- What this task involves
What follows is a set of records; repeat them exactly, without the pictures.
Task inputs START
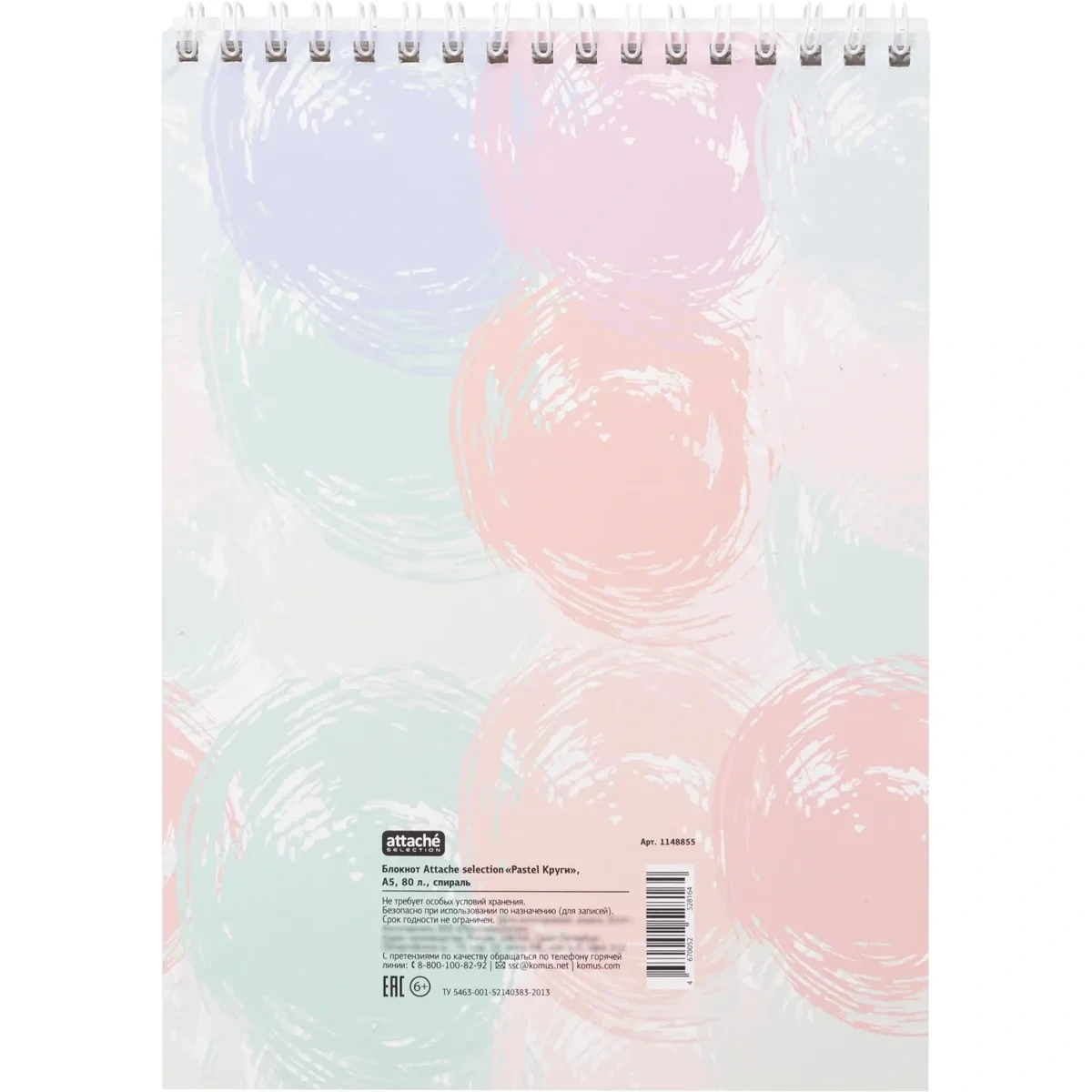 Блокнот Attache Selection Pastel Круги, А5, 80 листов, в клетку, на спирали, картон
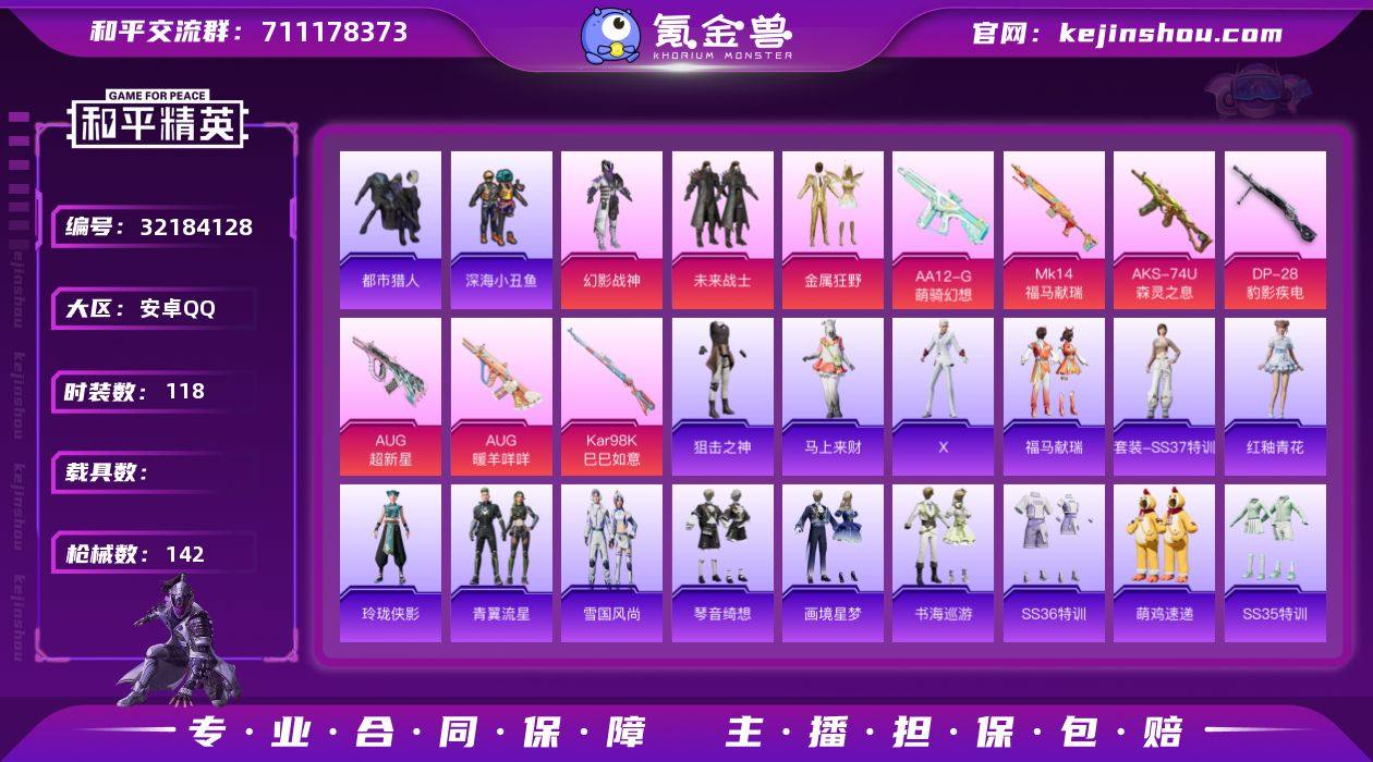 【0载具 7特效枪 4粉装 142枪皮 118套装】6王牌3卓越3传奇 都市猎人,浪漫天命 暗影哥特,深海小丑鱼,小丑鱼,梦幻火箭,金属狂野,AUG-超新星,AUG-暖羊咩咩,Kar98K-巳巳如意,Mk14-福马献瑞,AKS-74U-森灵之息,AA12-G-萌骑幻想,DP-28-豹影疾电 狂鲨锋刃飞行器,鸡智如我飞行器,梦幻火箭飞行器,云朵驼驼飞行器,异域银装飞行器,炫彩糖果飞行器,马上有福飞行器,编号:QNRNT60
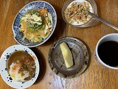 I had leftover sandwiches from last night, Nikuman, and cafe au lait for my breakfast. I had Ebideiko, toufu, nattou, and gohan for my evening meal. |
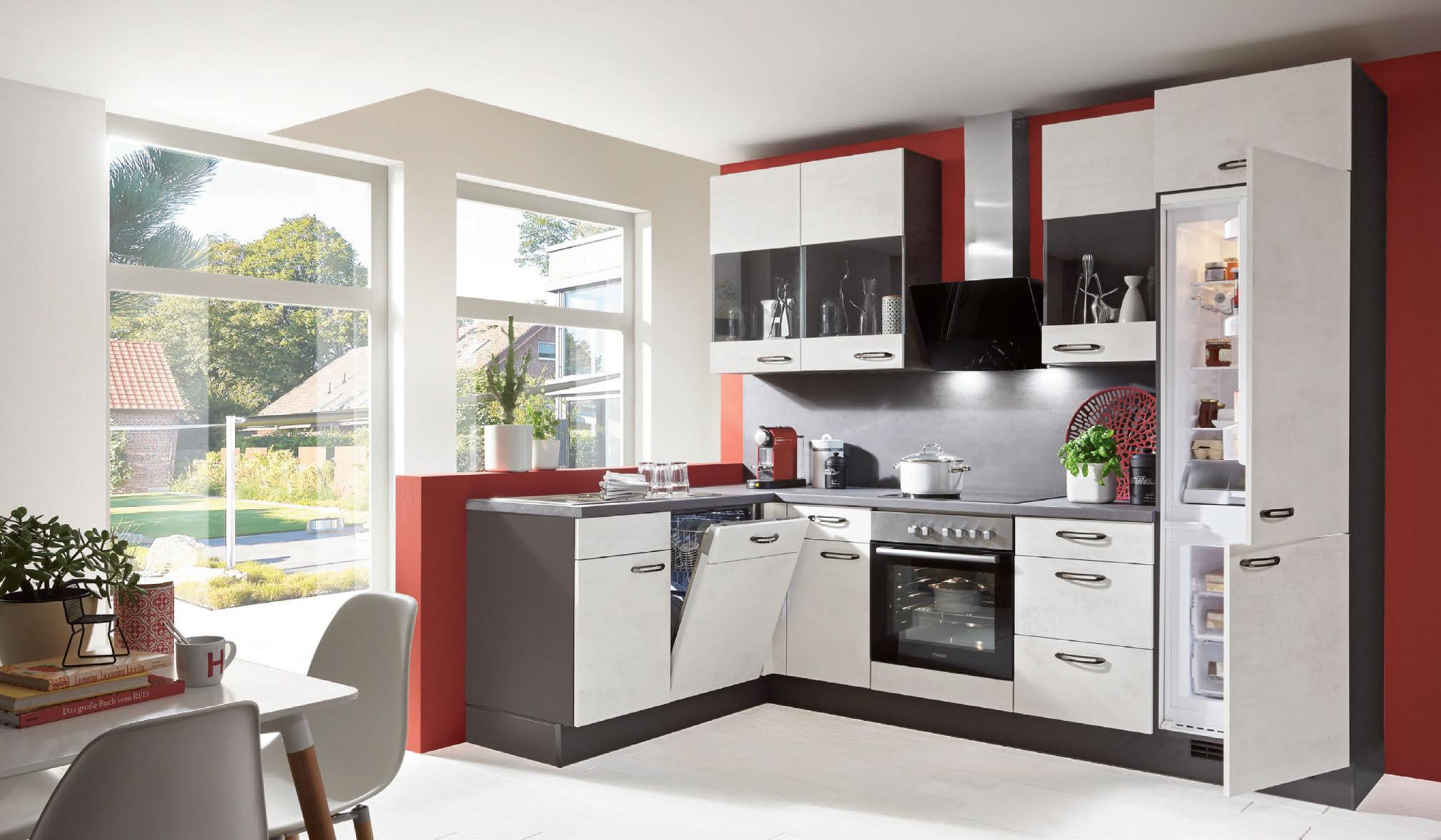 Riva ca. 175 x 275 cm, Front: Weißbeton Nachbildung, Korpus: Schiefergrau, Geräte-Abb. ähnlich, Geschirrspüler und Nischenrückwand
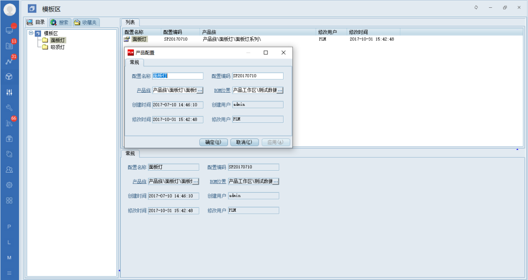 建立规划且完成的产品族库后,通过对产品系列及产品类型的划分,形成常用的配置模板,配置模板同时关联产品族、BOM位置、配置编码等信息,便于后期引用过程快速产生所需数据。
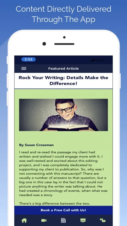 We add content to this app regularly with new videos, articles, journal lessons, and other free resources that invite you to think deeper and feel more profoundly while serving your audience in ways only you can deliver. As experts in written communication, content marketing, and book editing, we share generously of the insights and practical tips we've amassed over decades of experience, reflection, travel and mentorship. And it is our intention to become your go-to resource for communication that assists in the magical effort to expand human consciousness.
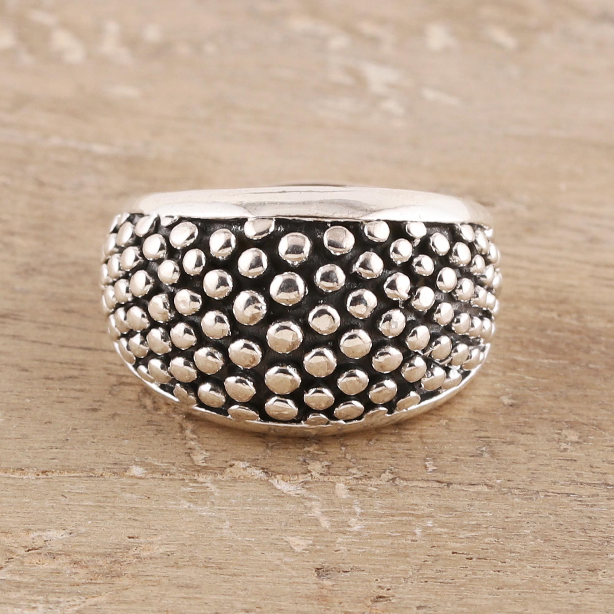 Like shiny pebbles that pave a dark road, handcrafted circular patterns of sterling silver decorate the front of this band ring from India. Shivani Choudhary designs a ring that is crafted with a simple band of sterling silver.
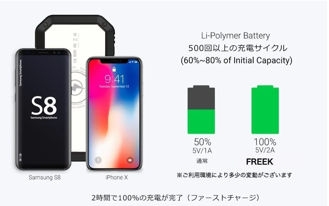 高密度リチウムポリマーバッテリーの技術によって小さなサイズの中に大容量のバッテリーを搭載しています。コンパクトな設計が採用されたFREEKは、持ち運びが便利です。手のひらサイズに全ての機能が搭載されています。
Task inputs END
- Solution to the exercise
 Блокнот Attache Selection Pastel Круги, А5, 80 листов, в клетку, на спирали, картон
 【0载具 7特效枪 4粉装 142枪皮 118套装】6王牌3卓越3传奇 都市猎人,浪漫天命 暗影哥特,深海小丑鱼,小丑鱼,梦幻火箭,金属狂野,AUG-超新星,AUG-暖羊咩咩,Kar98K-巳巳如意,Mk14-福马献瑞,AKS-74U-森灵之息,AA12-G-萌骑幻想,DP-28-豹影疾电 狂鲨锋刃飞行器,鸡智如我飞行器,梦幻火箭飞行器,云朵驼驼飞行器,异域银装飞行器,炫彩糖果飞行器,马上有福飞行器,编号:QNRNT60
 I had leftover sandwiches from last night, Nikuman, and cafe au lait for my breakfast. I had Ebideiko, toufu, nattou, and gohan for my evening meal. |
 Riva ca. 175 x 275 cm, Front: Weißbeton Nachbildung, Korpus: Schiefergrau, Geräte-Abb. ähnlich, Geschirrspüler und Nischenrückwand
 建立规划且完成的产品族库后,通过对产品系列及产品类型的划分,形成常用的配置模板,配置模板同时关联产品族、BOM位置、配置编码等信息,便于后期引用过程快速产生所需数据。
 We add content to this app regularly with new videos, articles, journal lessons, and other free resources that invite you to think deeper and feel more profoundly while serving your audience in ways only you can deliver. As experts in written communication, content marketing, and book editing, we share generously of the insights and practical tips we've amassed over decades of experience, reflection, travel and mentorship. And it is our intention to become your go-to resource for communication that assists in the magical effort to expand human consciousness.
 Like shiny pebbles that pave a dark road, handcrafted circular patterns of sterling silver decorate the front of this band ring from India. Shivani Choudhary designs a ring that is crafted with a simple band of sterling silver.
 高密度リチウムポリマーバッテリーの技術によって小さなサイズの中に大容量のバッテリーを搭載しています。コンパクトな設計が採用されたFREEKは、持ち運びが便利です。手のひらサイズに全ての機能が搭載されています。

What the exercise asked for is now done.